View Single Post
  #6   Report Post  
Old July 21st 13, 11:26 PM posted to uk.transport.london
[email protected] rosenstiel@cix.compulink.co.uk is offline
external usenet poster
 
First recorded activity at LondonBanter: Sep 2008
Posts: 4,877
Default Silly 'break of journey' question

In article , (Mizter T) wrote:

On 21/07/2013 22:11,
wrote:

(Neil Williams) wrote:

Mizter T wrote:
I'm 99.9% sure of this, but after advising a friend about ticketing
who is highly doubtful of my advice, I've stupidly allowed 0.1% of
doubt to creep in, so as a belt-and-braces measure I thought I'd just
quickly check here.

If one buy an Anytime single ticket from A to C, one can travel A to B
in the morning, go and do a day's work (or indeed go and 'do' a day's
fun etc), then travel from B to C in the evening and go home (or go to
the circus etc).

Yes.

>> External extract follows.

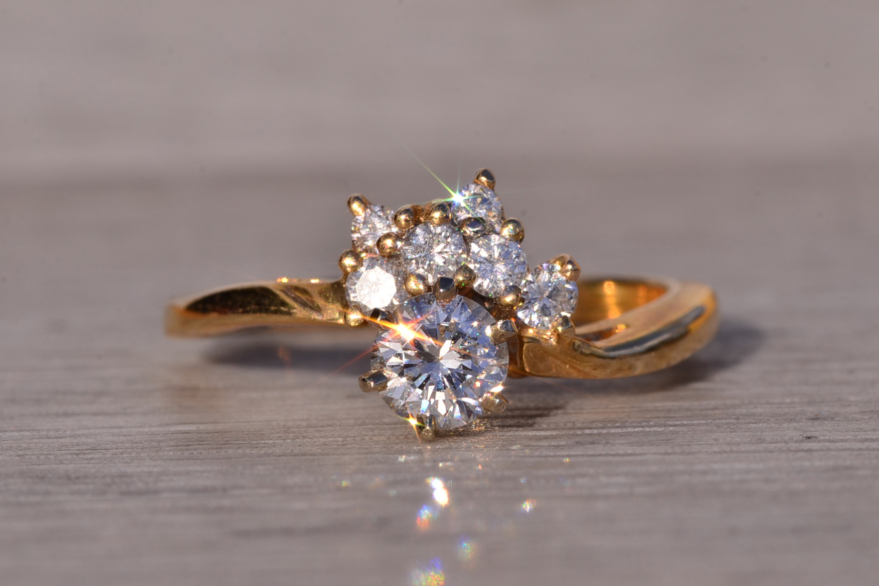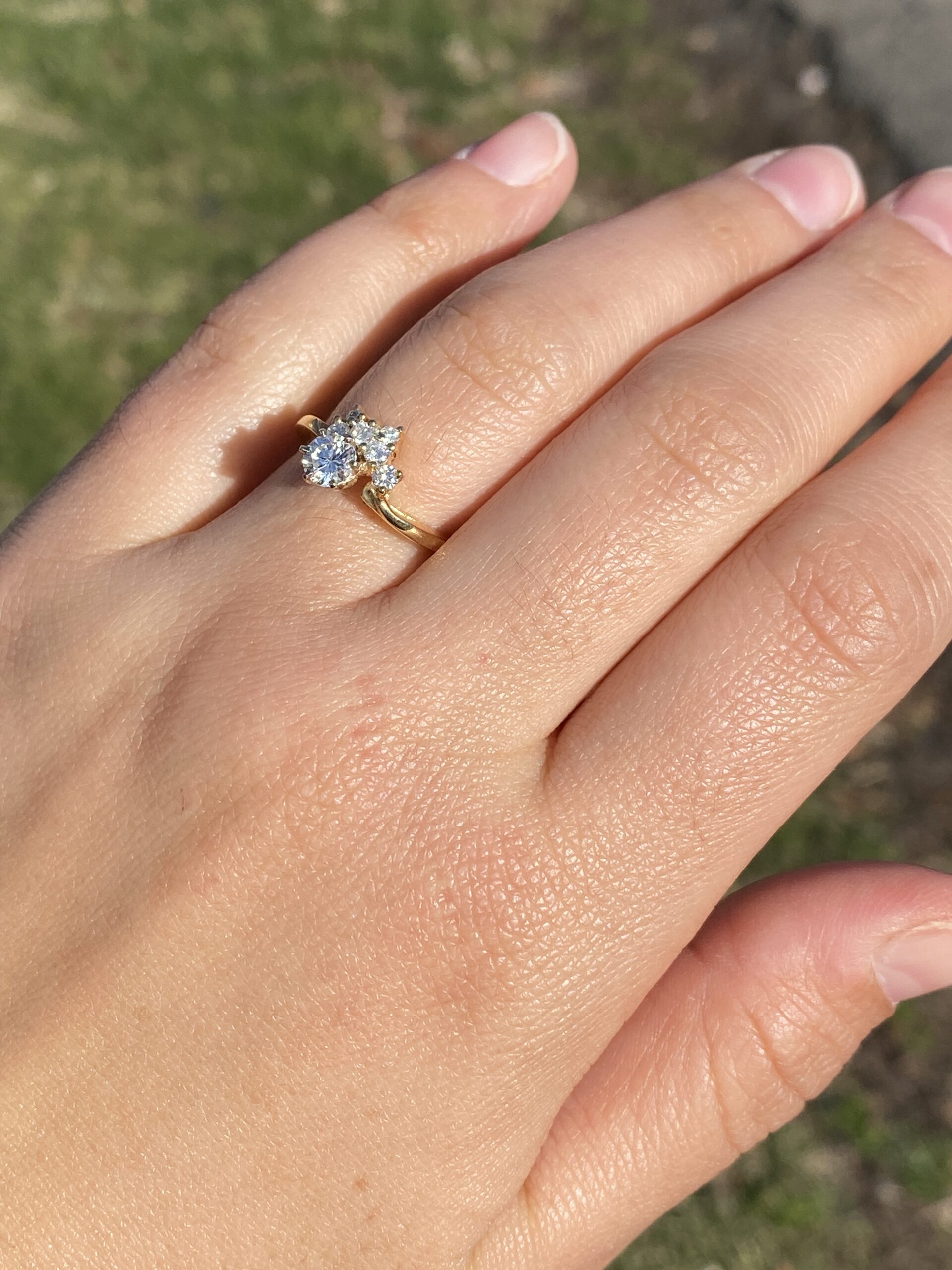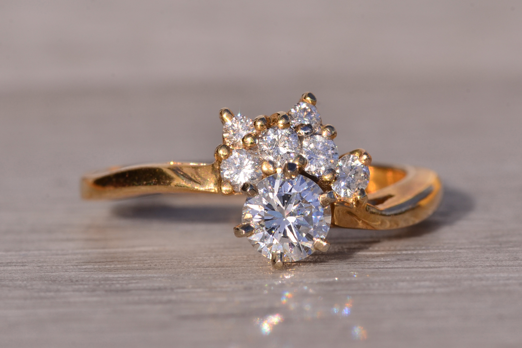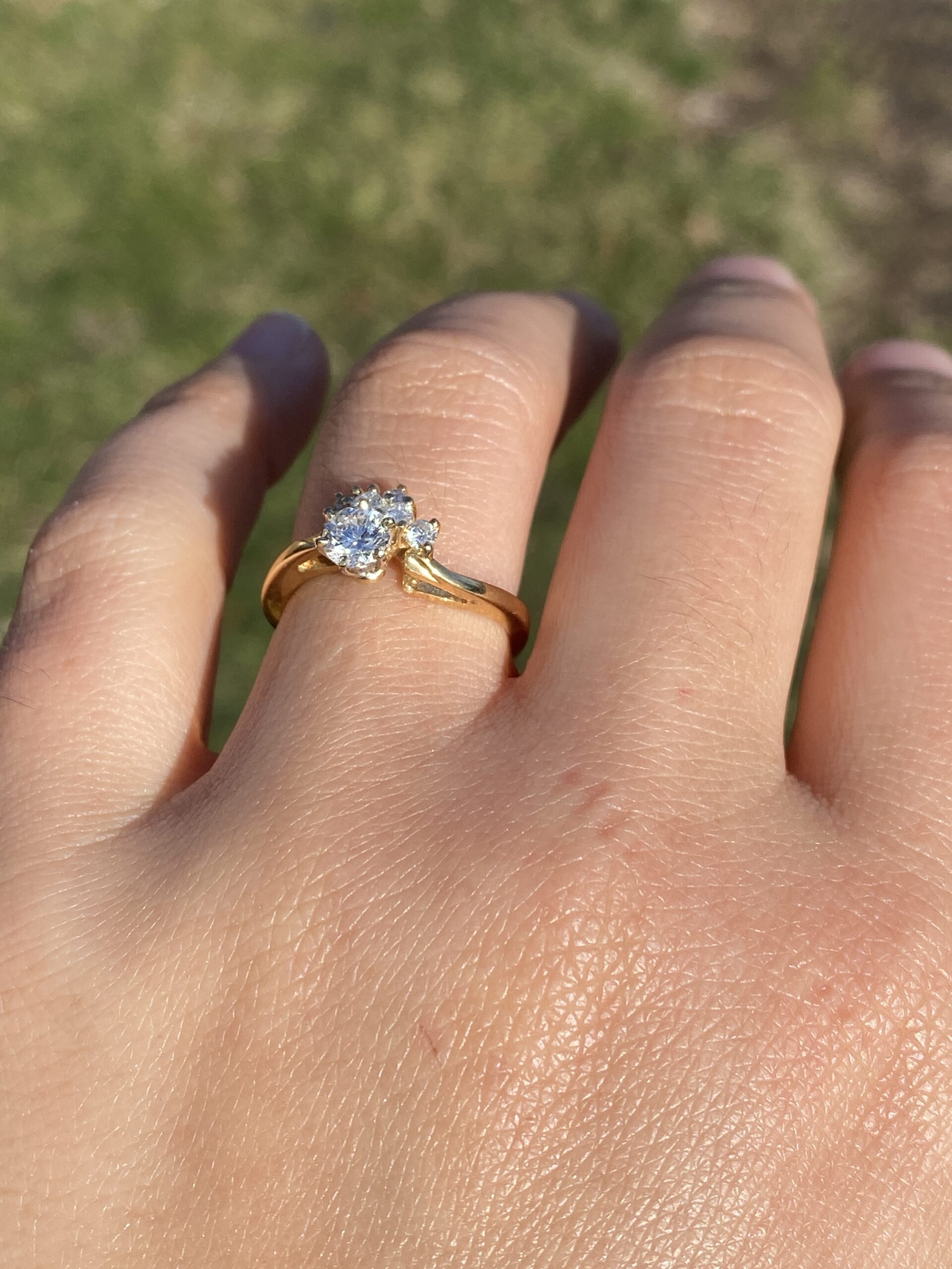 The Sunshine: Vintage Natural Diamond Engagement Ring in Yellow Gold. This exquisite ring showcases a captivating 0.40 carat round brilliant cut natural diamond, boasting an approximate Gemological Institute of America clarity grade of Si1 and a color grade of J. Adorning one side of the center are half-moon arrangements of round brilliant cut natural diamonds, radiating outward with a total approximate weight of 0.16 carats. The ring is elegantly finished with a waved shank, adding to its allure. Crafted in 14 karat yellow gold, this vintage-inspired engagement ring evokes the warmth of a golden sunset. Currently sized at 6.5, it can be adjusted to any finger size for an additional charge upon request.
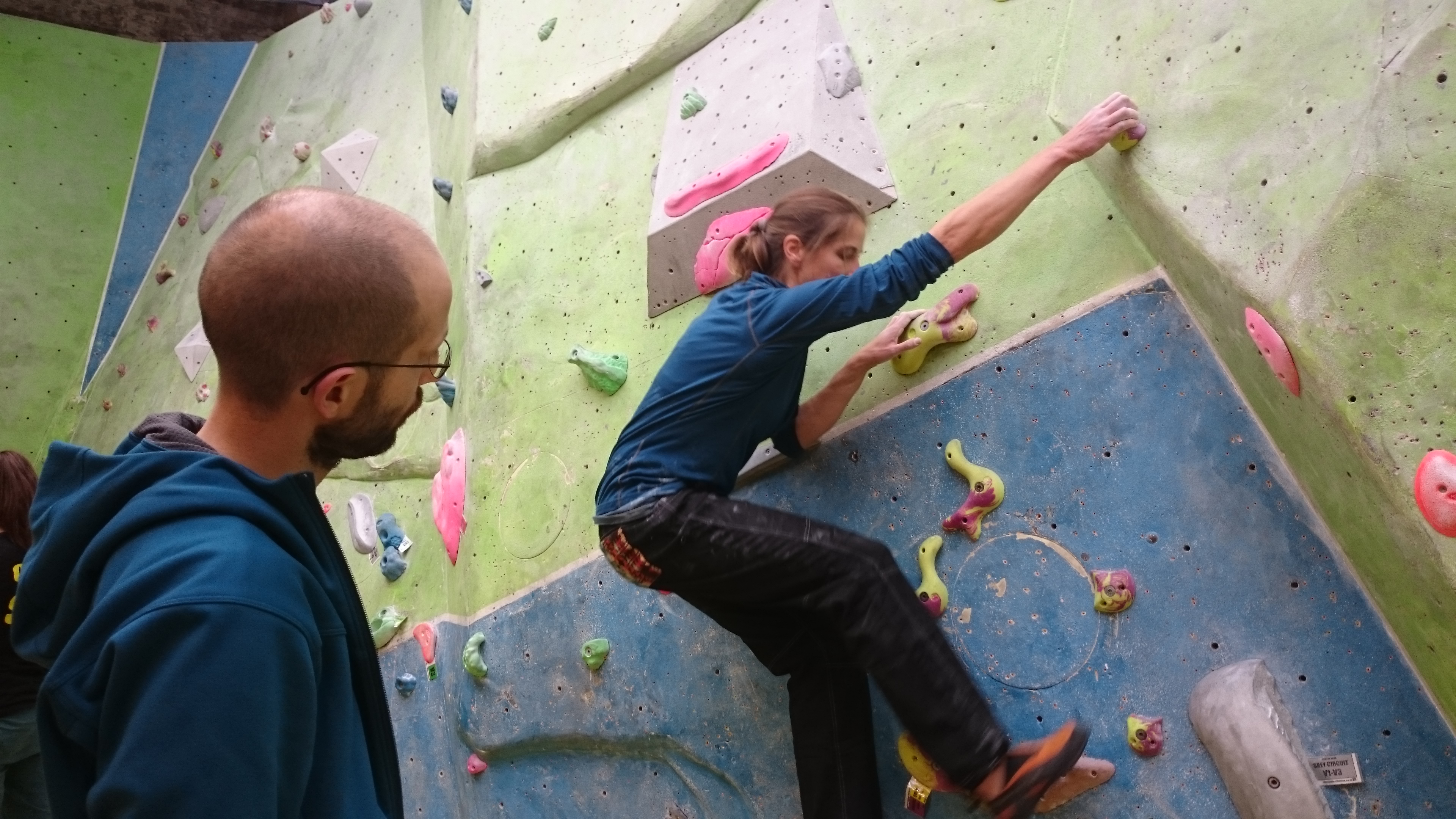 Alice helpfully and patiently took me through the fundamentals of the open-hand grip before offering tips and suggestions as I tried to use it bouldering.

The one exception is that if B is a Tube station when crossing
London as part of the ticket, you have to pay for the extra Tube trip
from B to the relevant London terminal to continue.


You can't even exit the tube at a station that isn't on the list for
cross-London journeys.


I think I've read conflicting info on this particular issue, but I
remember reading on the District Dave forum that in practice, LU
staff will let people out of a station (at least within central
London) if they ask. That said, it's certainly not the intention of
the cross-London tube transfer ticketing arrangements to facilitate
this.


I was refused exit at Goodge Street on a cross-London ticket once and told
in no uncertain terms that I could only go to and from main line stations. I
went back to Euston and exited there without problems.